*** Opening DATA ***
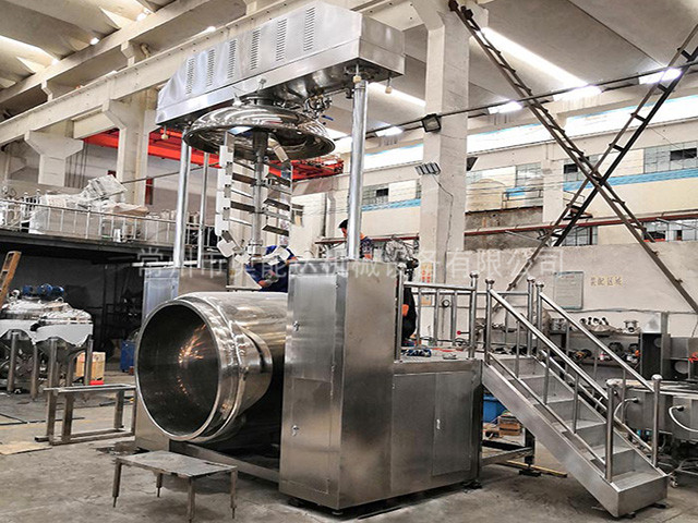 攪拌形式——主鍋為框式攪拌加均質(zhì)頭,油水鍋有錨式攪拌、分散盤(pán)以及漿葉式攪拌等。
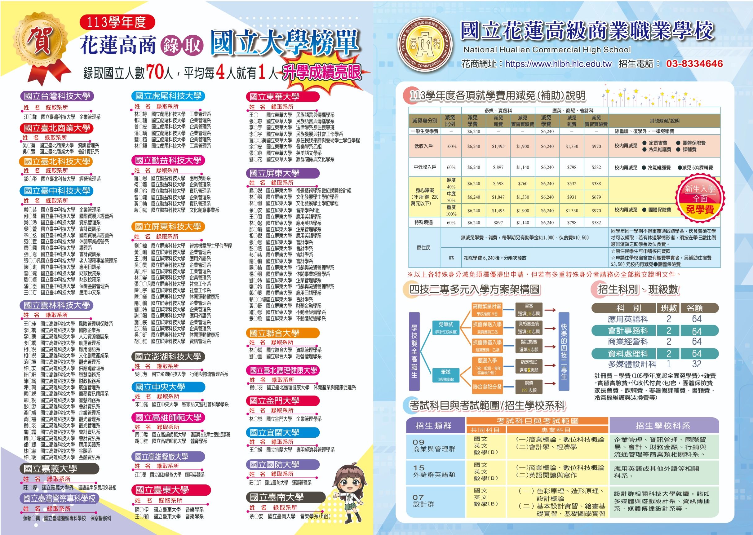 ![]() 114花蓮高商招生DM正面 880K 115/3/2 | ![]() 114花蓮高商招生DM背面 1088K 115/3/2 | ![]() 114花蓮高商簡介 11469K 115/3/2 | ![]() 115花蓮高商招生科別(新設科) 216K 115/3/2 |
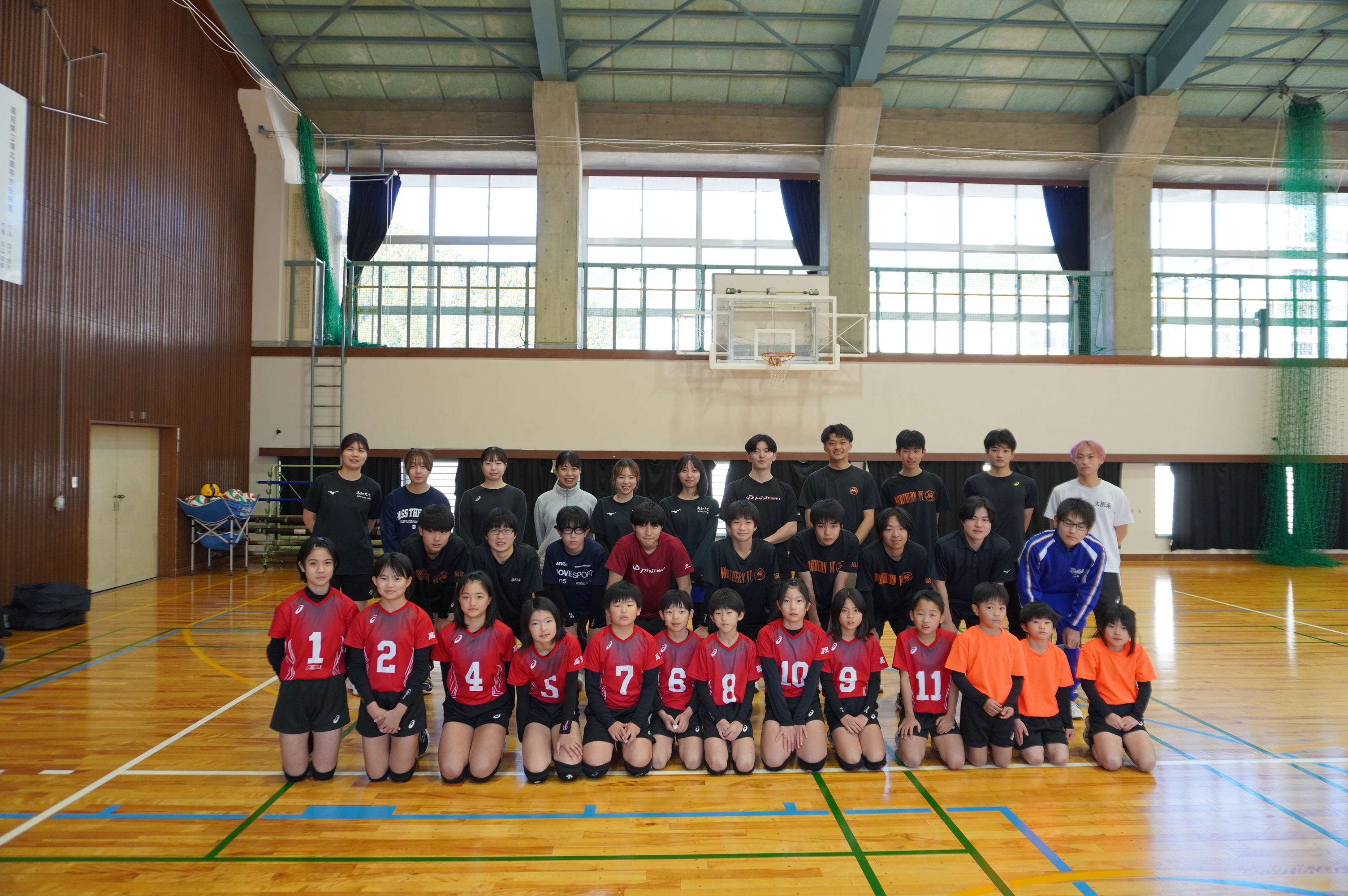 今回は第3弾としてバレーボール教室を開催しました。この企画は本山町教育委員会から幅広い年齢層に人気があるバレーボールの教室をぜひ開催してほしいとの要望を受け、高知大学男子バレーボール部と女子バレーボール部に打診したところ、学生たちが「ぜひお役に立ちたい!」と応えて準備をしてくれました。
*** Closing DATA ***
◆ **TASK REQUIREMENTS**:
The required output is the listing above reproduced exactly, pictures removed.

◆ **EXERCISE SOLUTION**:
 攪拌形式——主鍋為框式攪拌加均質(zhì)頭,油水鍋有錨式攪拌、分散盤(pán)以及漿葉式攪拌等。
 ![]() 114花蓮高商招生DM正面 880K 115/3/2 | ![]() 114花蓮高商招生DM背面 1088K 115/3/2 | ![]() 114花蓮高商簡介 11469K 115/3/2 | ![]() 115花蓮高商招生科別(新設科) 216K 115/3/2 |
 今回は第3弾としてバレーボール教室を開催しました。この企画は本山町教育委員会から幅広い年齢層に人気があるバレーボールの教室をぜひ開催してほしいとの要望を受け、高知大学男子バレーボール部と女子バレーボール部に打診したところ、学生たちが「ぜひお役に立ちたい!」と応えて準備をしてくれました。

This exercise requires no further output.